The new (and very old) political responsibility of data scientists

2017-01-31

We still have a responsibility to prevent the ethical misuse of new technologies, as well as helping make their impact on human welfare a positive one. But we now have a more fundamental challenge: to help defend the very concept and practice of the measurement and analysis of quantitative fact.

To be sure, a big part of practicing data science consists of dealing with the multiple issues and limitations we face when trying to observe and understand the world. Data seldom means what its name implies it means; there are qualifications, measurement biases, unclear assumptions, etc. And that's even before we engage the useful but tricky work of making inferences off that data.

But the end result of what we do — and not only, or even mainly us, for this collective work of observation and analysis is one of the common threads and foundations of civilization — is usually a pretty good guess, and it's always better than closing your eyes and giving whatever number provides you with an excuse to do what you'd rather do. Deliberately messing with the measurement of physical, economic, or social data is a lethal attack on democratic practices, because it makes impossible for citizens to evaluate government behavior. Defending the impossibility of objective measurement (as opposed to acknowledging and adapting to the many difficulties involved) is simply to give up on any form of societal organization different from mystical authoritarianism.

Neither attitude is new, but both have gained dramatically in visibility and influence during the last year. This adds to the existing ethical responsibilities of our profession a new one, unavoidably in tension with them. We not only need to fight against over-reliance on algorithmic governance driven by biased data (e.g. predicting behavior from records compiled by historically biased organizations) or the unethical commercial and political usage of collected information, but also, paradoxically, we need to defend and collaborate in the use of data-driven governance based on best-effort data and models.

There are forms of tyranny based on the systematic deployment of ubiquitous algorithmic technologies, and there are forms of obscurantism based on the use of cargo cult pseudo-science. But there are also forms of tyranny and obscurantism predicated on the deliberate corruption of data or even the negation of the very possibility of collecting it, and it's part of our job to resist them.

Economists and statisticians in Argentina, when previous governments deliberately altered some national statistics and stopped collecting others, rose to the challenge by providing parallel, and much more widely believed, numbers (among the first, the journalist and economist — a combination of skills more necessary with every passing year — Sebastián Campanario). Theirs weren't the kind of arbitrary statements that are frequently part of political discourse, nor did they reject official statistics because they didn't match ideological preconceptions or it was politically convenient to do so. Official statistics were technically wrong in their process of measurement and analysis, and for any society that aspires to meaningful self-government the soundness and availability of statistics about itself are an absolute necessity.
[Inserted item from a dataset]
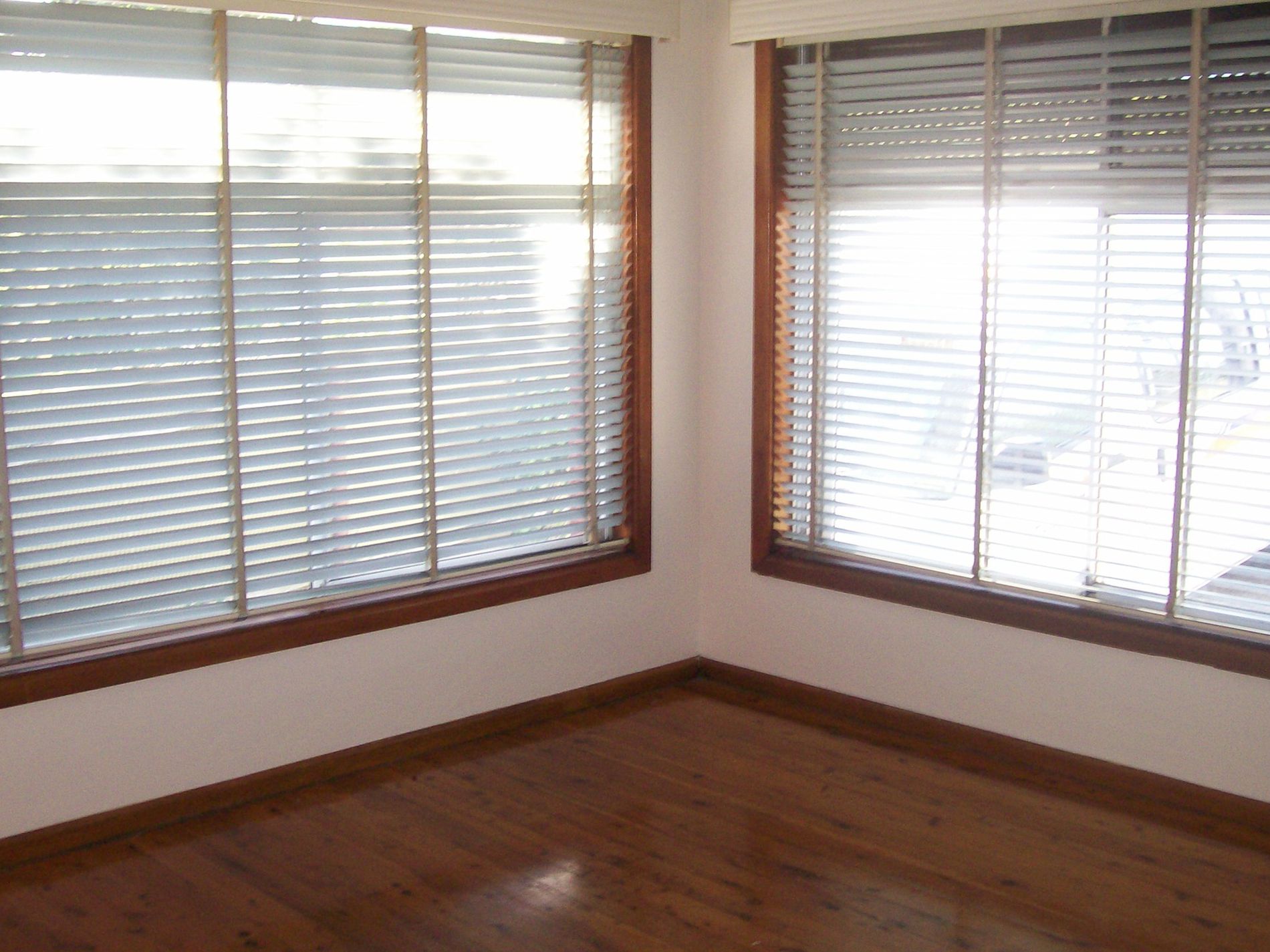 - Large bedroom with polished timber flooring

Data scientists are increasingly involved in the process of collection and analysis of socially relevant metrics, both in the private and the public sectors. We need to consistently refuse to do it wrong, and to do our best to do it correctly even, and specially, when we suspect other people are choosing not to. Nowcasting, inferring the present from the available information, can be as much of a challenge, and as important, as predicting the future. The fact that we might end up having to do it without the assumption of possibly flawed but honest data will be a problem we have in other contexts already began to work on. Some of the earliest applications of modern data-driven models in finance, after all, were in fraud detection.
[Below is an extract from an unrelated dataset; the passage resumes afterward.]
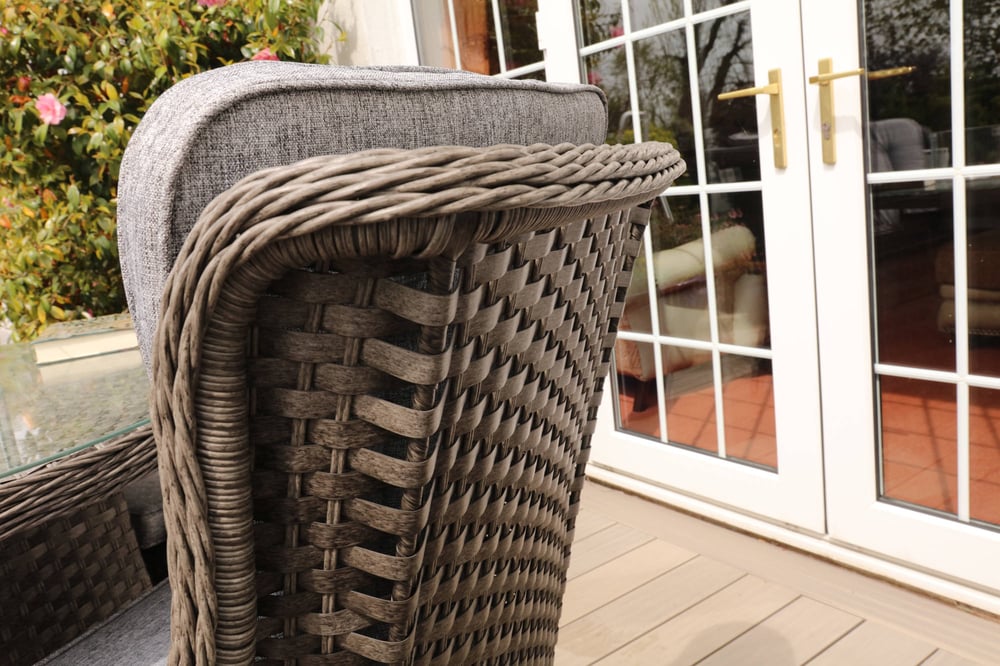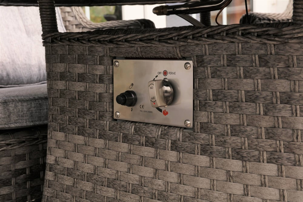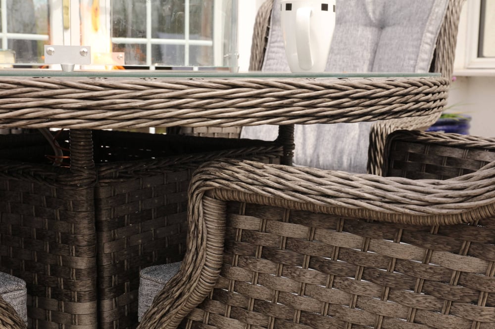 The 4 Seat Lichfield Campania Rattan Garden Dining Set with Gas Fire Pit comes in a dark grey weave, which is comfortable, durable and easily maintained. The table comse with a tough 5mm tempered glass tabletop and central Gas Fire Pit. The whole Campania range comes with a 5 year UV guarantee.

We are all potentially climate scientists now, massive observational efforts to be refuted based on anecdotes, disingenuous visualizations to be touted as definitive proof, and eventually the very possibility of quantitative understanding to be violently mocked. We (still) have to make sure the economic and social impact of things like ubiquitous predictive surveillance and technology-driven mass unemployment are managed in positive ways, but this new responsibility isn't one we can afford to ignore.